Assigned task:
No pictures should appear. The lines from the beginning of the listing through the one holding "Velký útes s" must be reproduced exactly, and nothing more.
======== Provided records
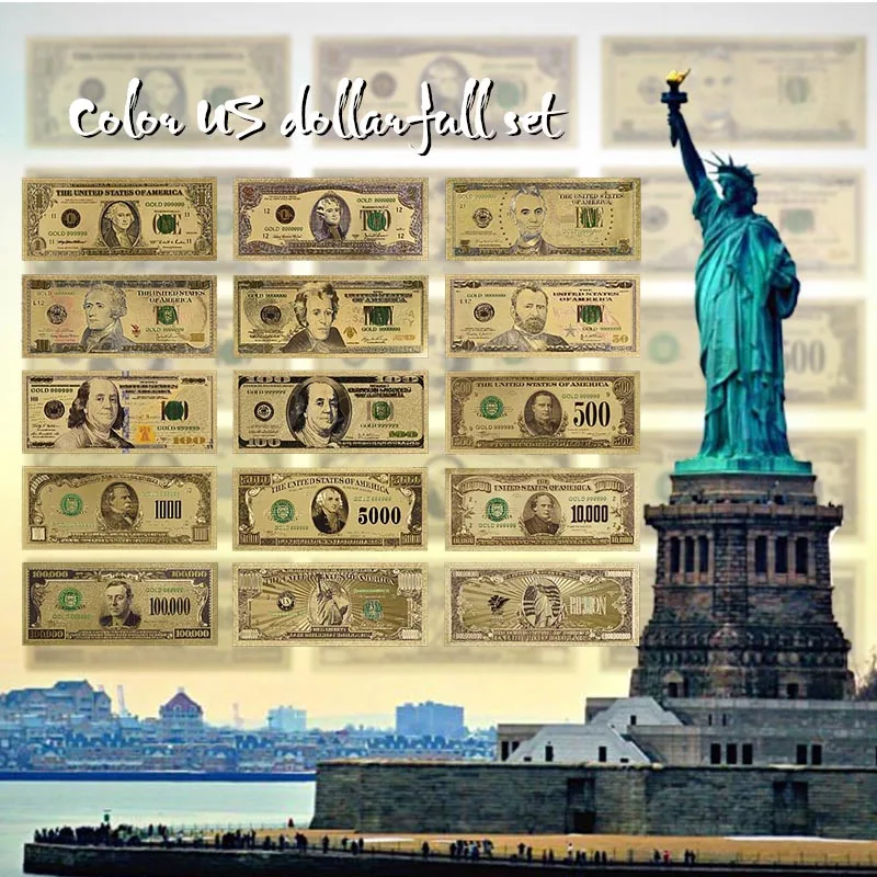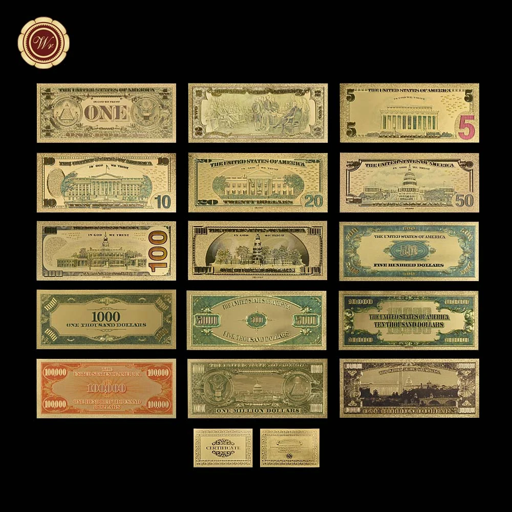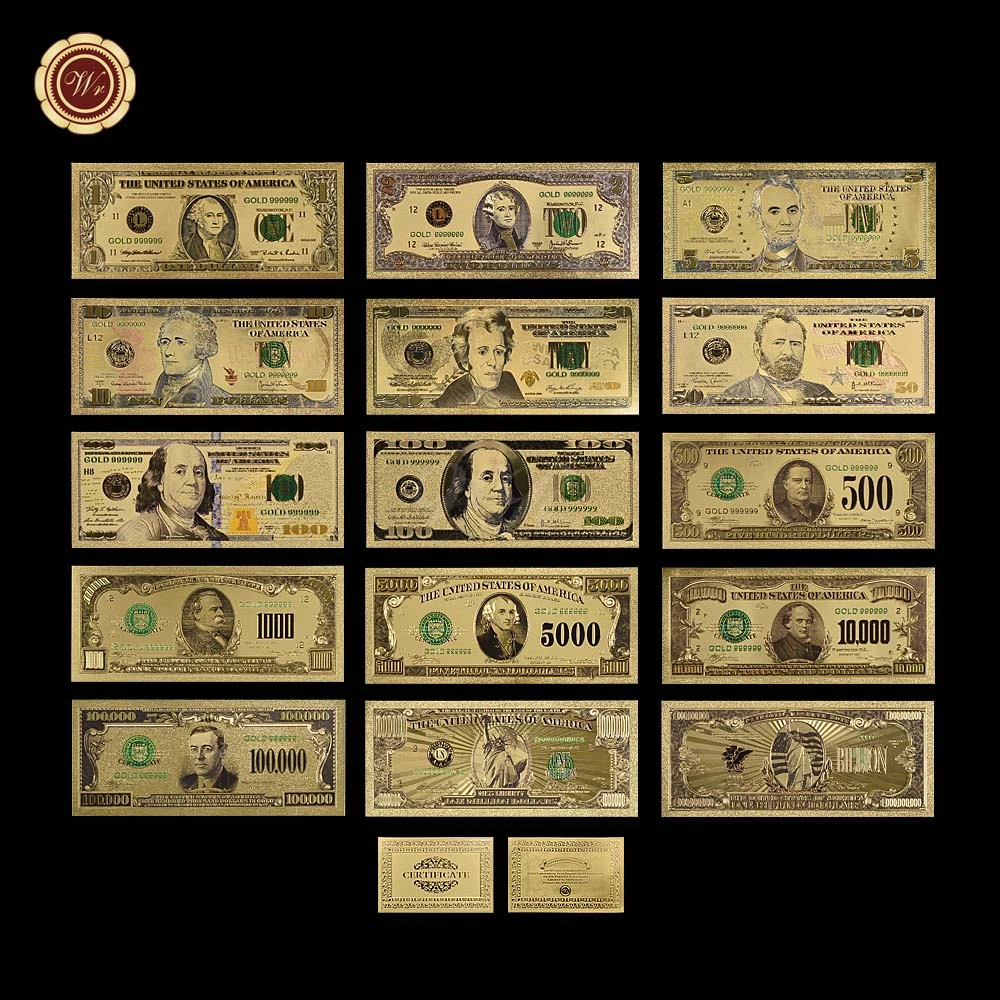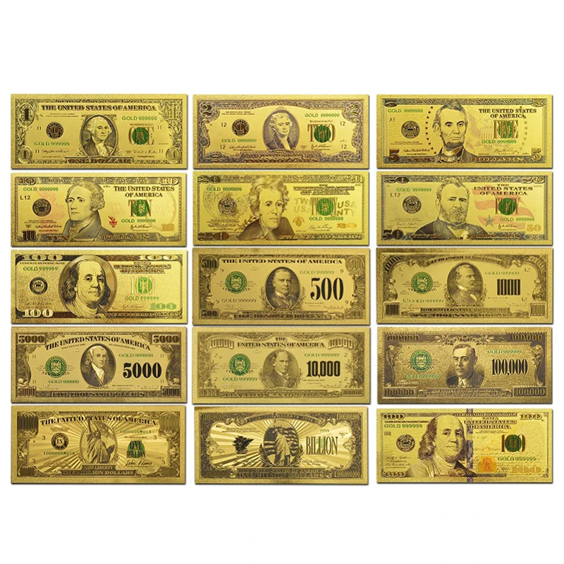 Набор золотых банкнот 1,2,5,10,20,50,100 ,500,1000,5000,10000,100000,1, млн, 1 миллиард долларов США
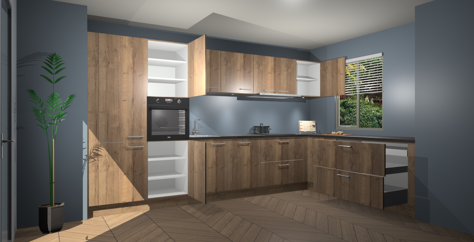 Inclusief plinten, stelpoten en werkblad
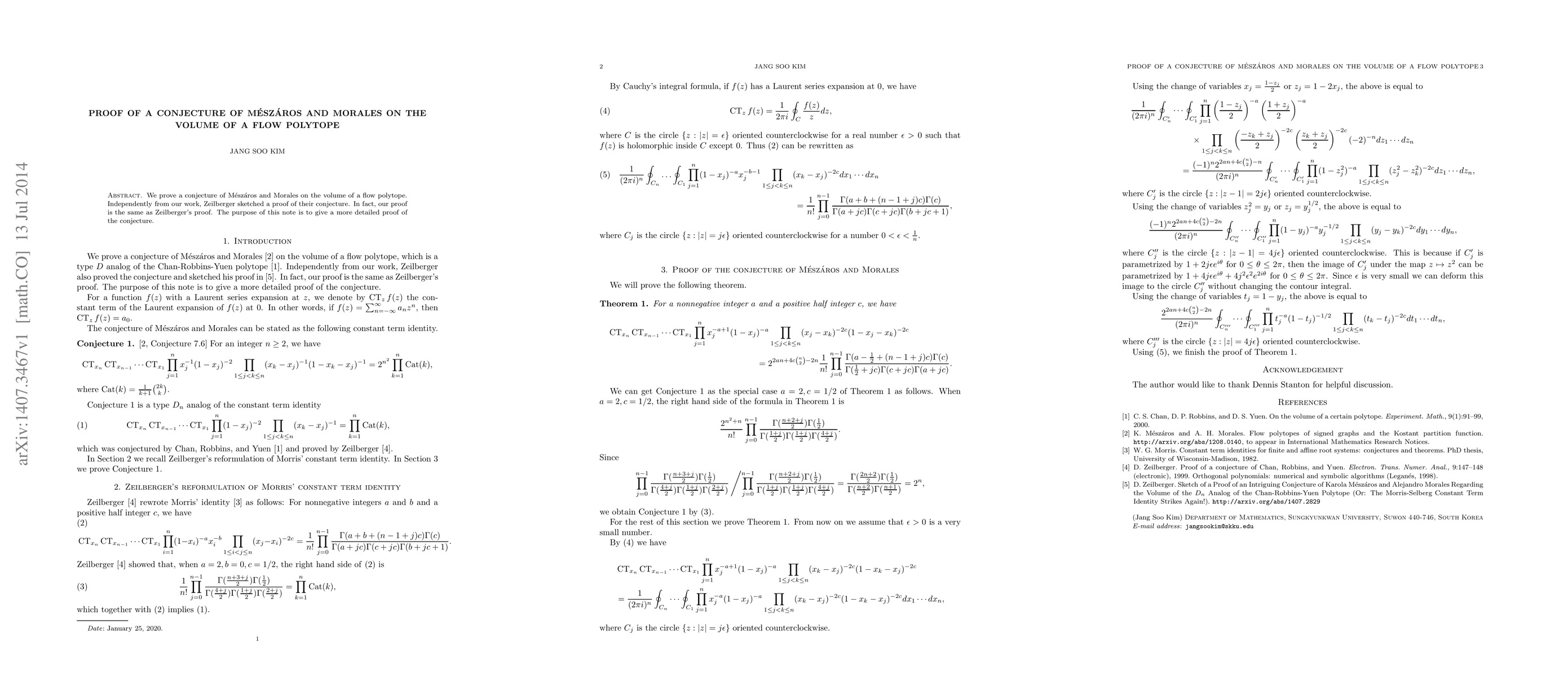 This paper provides a detailed proof of a conjecture by Meszaros and Morales regarding the volume of a flow polytope, confirming the same result independently sketched by Zeilberger. The authors aim to present a more thorough version of Zeilberger's proof.
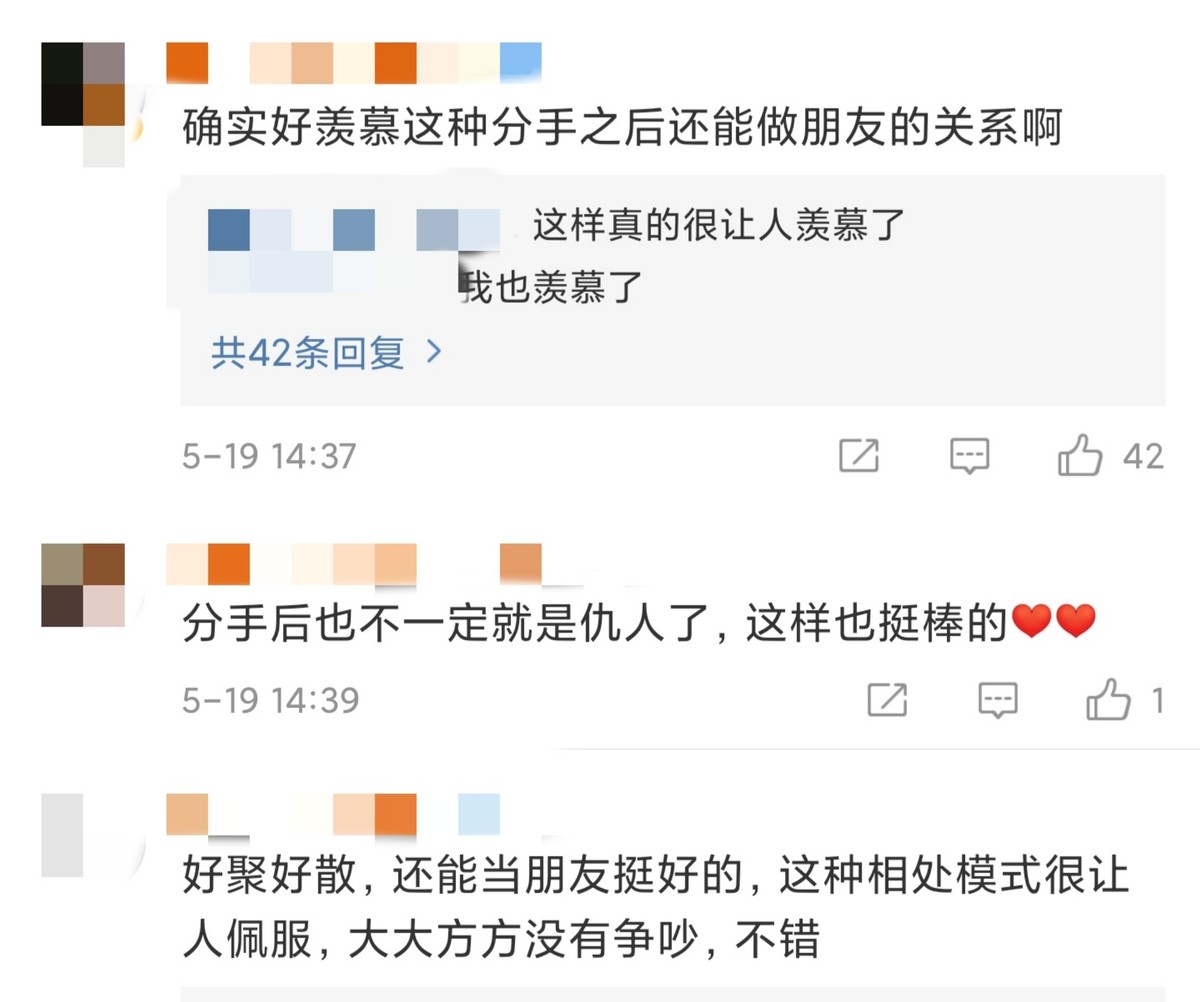 网友看到两个人的互动,纷纷留言表示羡慕。有人说好聚好散,这样大大方方地做回朋友很好。也有人说分手了不一定是仇人,这种朋友的相处方式让人很舒服。
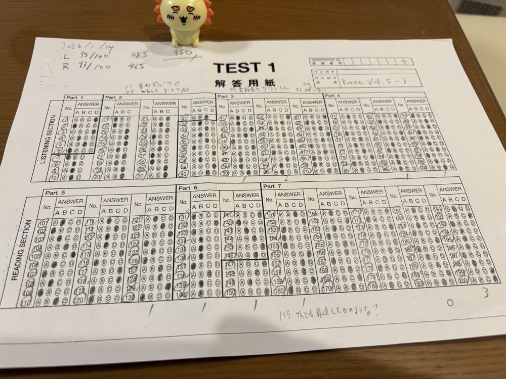 個人的には2026年1月のテストでは目標950点といたします。
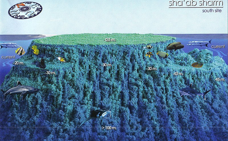 Velký útes s kolmými stěnami do velké hloubky, na jižní straně plato s hloubkou dna 20 - 35m. Poměrně častý výskyt žraloka dlouhoploutvého u hladiny, obvykle blízko ukotvené lodě. Na platu velké barracudy a trnuchy. Ideální pro drift dive, proudy obvykle od severu.
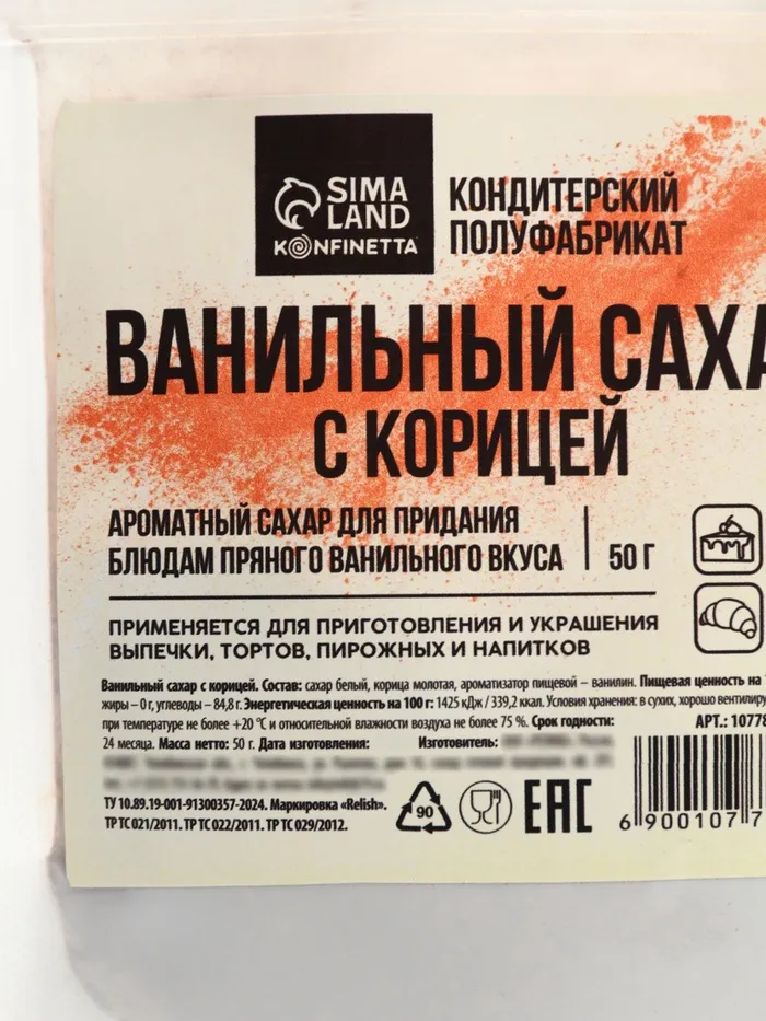 Сахар ванильный для куличей и рулетов с корицей, 50 г — Характеристики
================
Written solution:
 Набор золотых банкнот 1,2,5,10,20,50,100 ,500,1000,5000,10000,100000,1, млн, 1 миллиард долларов США
 Inclusief plinten, stelpoten en werkblad
 This paper provides a detailed proof of a conjecture by Meszaros and Morales regarding the volume of a flow polytope, confirming the same result independently sketched by Zeilberger. The authors aim to present a more thorough version of Zeilberger's proof.
 网友看到两个人的互动,纷纷留言表示羡慕。有人说好聚好散,这样大大方方地做回朋友很好。也有人说分手了不一定是仇人,这种朋友的相处方式让人很舒服。
 個人的には2026年1月のテストでは目標950点といたします。
 Velký útes s kolmými stěnami do velké hloubky, na jižní straně plato s hloubkou dna 20 - 35m. Poměrně častý výskyt žraloka dlouhoploutvého u hladiny, obvykle blízko ukotvené lodě. Na platu velké barracudy a trnuchy. Ideální pro drift dive, proudy obvykle od severu.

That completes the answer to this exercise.